El error y las segundas víctimas

29/09/2018

PYA

Pierre-Yves Antier, CEO de Sham España

“Errare humanum est” decían los romanos y sigue siendo una verdad a la cual no escapa nadie, tampoco los médicos. El activismo judicial que afecta al mundo sanitario hace que los profesionales tengan una alta probabilidad de enfrentarse a un proceso judicial en algún momento de su carrera. Según algunos expertos, uno de cada dos médicos será demandado a lo largo de su vida laboral por un paciente insatisfecho con los resultados del tratamiento propuesto o víctima de un evento adverso. Cada día más, se habla de los profesionales sanitarios como de las segundas víctimas , obviamente tras el paciente que es quien sufre las consecuencias más duras en caso de un error.

El primer caso documentado de un médico como segunda víctima fue el del doctor Richard Croft quien en 1817 se suicidó después del fallecimiento de la Princesa Charlotte y de su recién nacido en un parto que tenía que dar un heredero a la corona inglesa. Los casos de médicos que se suicidan después de un error son, afortunadamente, muy escasos, pero no lo son tanto los casos de ansiedad, depresión, insomnio, sentimientos de culpa y pérdida de confianza. Incluso hay muchos profesionales sanitarios que deciden cambiar de región o, directamente, dejar de ejercer.

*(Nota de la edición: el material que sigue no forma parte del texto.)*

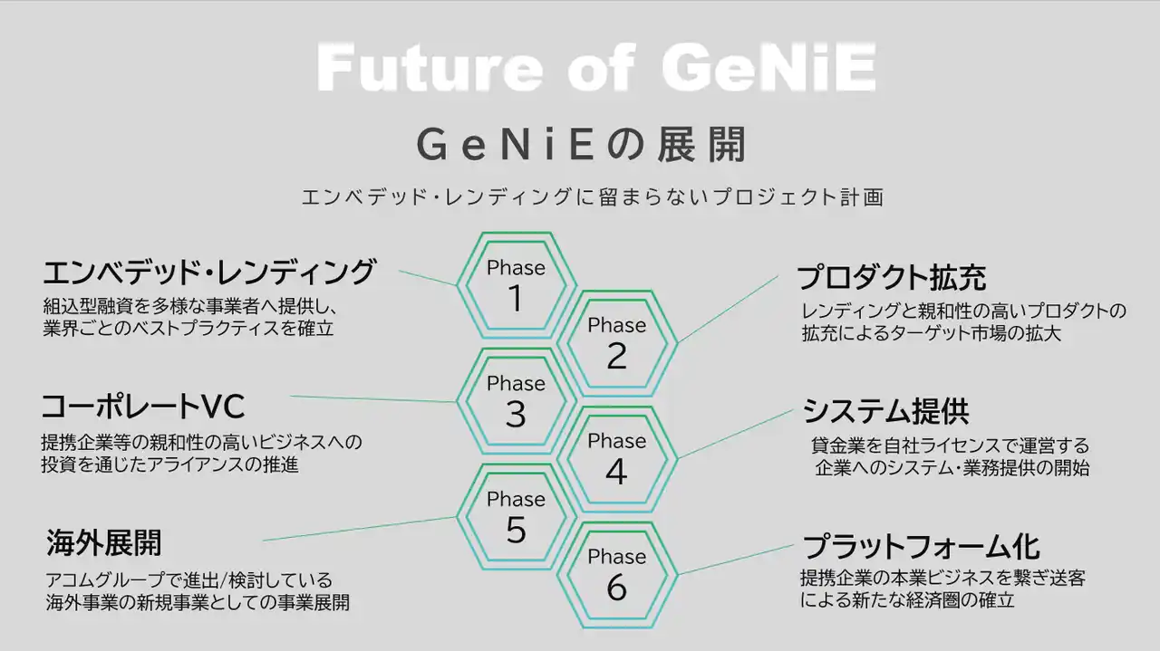 GeNiEは、レンディング(貸付)領域におけるエンベデッド・ファイナンスを推進するべく設立された、消費者金融のリーディングカンパニーであるアコム株式会社の子会社です。エンベデッド・ファイナンスとは「事業会社が、自社のサービスに金融サービスを組み込んで提供する」ことを指します。GeNiEは、2024年6月より、Webやアプリを通じてサービスを提供する事業会社が既存事業にレンディング機能をプラスするための組込型金融サービス「マネーのランプ」を提供しています。 |

Cuando un sanitario se ve involucrado en un evento adverso tendría que recibir el respaldo de sus compañeros, pero la realidad no siempre es esa. Muchas veces porque él mismo no quiere hablar de lo que ha ocurrido, otras porque sus compañeros no se interesan por el tema. El resultado es que este profesional se encuentra la mayor parte de las veces solo. Es ahí donde una entidad que conoce en profundidad el sector sanitario puede contribuir a aliviar la carga emocional a la que se enfrenta el médico. Defendiendo al sanitario, tanto a nivel profesional como a nivel jurídico, Sham consigue demostrar su buena praxis y ayudarle a salir de esa incómoda situación de segunda víctima. Al mismo tiempo evitamos que el accidente médico tenga repercusión mediática y que el hospital se convierta en la tercera víctima.